Hair (1979)

This morning, the Genre-ary DailyView pulled another well-known musical film, the 1979 film, Hair. Hair was based on the 1968 Broadway musical  Hair: The American Tribal Love-Rock Musical. 

Hair focused in on the hippie counterculture of the late 1960s/early 70s. It was an anti-Vietnam play, though the movie rolled that back somewhat. 

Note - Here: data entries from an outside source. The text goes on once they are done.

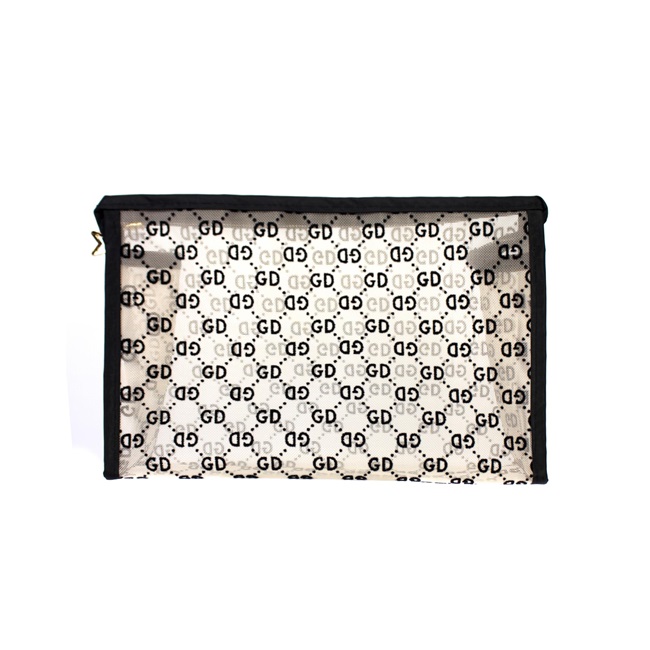 Kích thước: 22x6x13 cm Chất liệu: Nhựa nylon, khoá kéo kim loại Màu sắc: Màu kem họa tiết đen Số ngăn: 1 ngăn lớn Mô tả sản phẩm: Túi đựng mỹ phẩm cao cấp họa tiết hiện đại Care4u
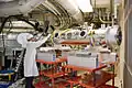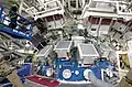 Exterior view of the upper 1/3 of the target chamber. The large square beam ports are prominent.
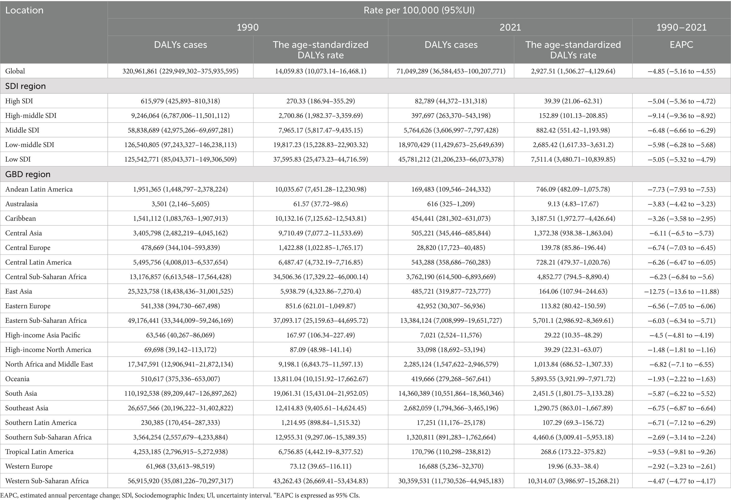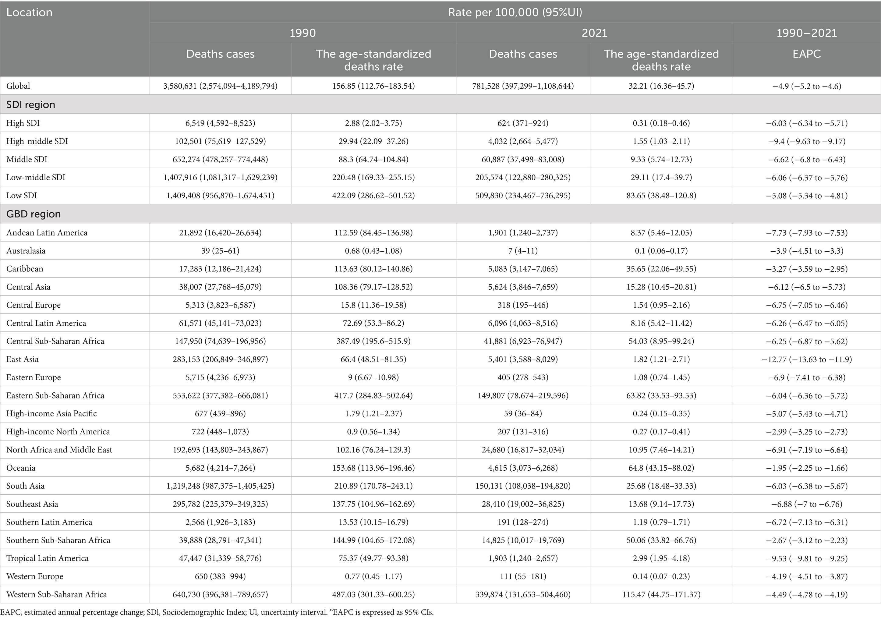 Conclusion: Despite substantial progress, GF remains a critical public health challenge, with pronounced disparities persisting in low-SDI regions. Urgently needed are targeted interventions—particularly for children under 5 in these settings—to address the inequitable burden. These conclusions should be interpreted in light of key limitations: the analysis relies on modeled GBD 2021 estimates that may be biased due to data sparsity and cause-redistribution assumptions in low-SDI contexts; furthermore, incidence/prevalence and intervention coverage were not assessed.
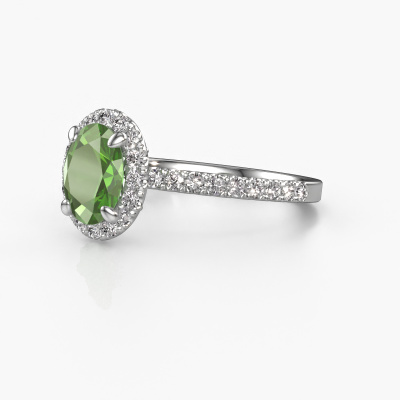 La bague de fiançailles mentionnée ci-dessus est nommée Miranda ovl. Nous appelons ce type de bague de fiançailles une bague Halo. La bague de fiançailles est forgée en or et comporte un vert tourmaline ovale de la de 8x6 mm et autour duquel sont sertis de petits diamants synthétiques. La largeur de cette bague de fiançailles halo forgée en platine exclusives vient des plus petites pierres précieuses qui sont serties autour du large vert tourmaline central. C’est également ce à partir de quoi cette belle bague de fiançailles tire son nom : halo signifie halo et c’est aussi l’effet que rendent les pierres précieuses plus petites. Cependant, ces pierres précieuses plus petites doivent toutes être serties de la même manière, afin que la lumière ne soit pas seulement introduite dans le vert tourmaline et qu’un véritable halo de lumière soit créé. Et c'est ce que font nos maîtres orfèvres. Avec la plus grande précision, chaque vert tourmaline soigneusement sélectionné est placé à la main dans la bague de fiançailles. Encore et encore, la bague de fiançailles est maintenue à la lumière pour voir si l'effet spécial est toujours visible. Le résultat est une bague de fiançailles unique, où le vert tourmaline choisi devient littéralement le centre brillants. Vous pouvez imaginer que cette bague de fiançailles est vraiment une bague de fiançailles significative à offrir à votre amour de la vie ! Le jour où vous montrez qu’elle est votre centre brillants ! En combinant les dernières techniques modernes, associées à une fabrication ancienne, nous sommes en mesure de fabriquer nos bagues de fiançailles dans notre propre studio. Chaque bijou est fabriqué sur commande. Ceci est avantageux car nous sommes en mesure de vous proposer un prix que vous ne trouverez nulle part ailleurs.Notre équipe de designers talentueux et passionnés ajoute chaque jour de nouveaux modèles bague de fiançailles à notre collection en ligne. Notre objectif est de pouvoir vous offrir une grande variété de bijoux. N'hésitez pas à demander un devis si vous avez des souhaits spécifiques pour votre bague de fiançailles. Nous garantissons de vous faire une offre que vous ne pourrez pas refuser.Pour vous faciliter la tâche, vous pouvez facilement nous retourner tout bijou commandé dans les 30 jours suivant la livraison.

The film featured a rollicking debut performance from Trick Williams as George Burger, the main hippie from the group in the film. Burger’s friends met Army draftee Claude Bukowski (John Savage) and they bonded in the last few days before Claude needed to report.

There was really not much of a plot here. It felt more like a compilation of misadventures of the group than it was any sort of real throughline. There was a connective tissue involving higher class woman named Shelia (Beverly D’Angelo) and she had some kind of relationship with Claude, kind of.

The music is great. ”Aquarius” is a classic that started off the film and ended up with “Let the Sunshine In.” Everything is catchy and the performance inside the movie were enjoyable and the choreography was well done too.

The success of this film is absolutely on the back of Treat Williams and he carries it through some ridiculousness, especially the final scenes of the movie which are so silly that it removes any of the emotional stakes of the film.

In the end, I am glad I watched the movie, and it does have positives to it, but there are just too many drawbacks for me to full recommend it.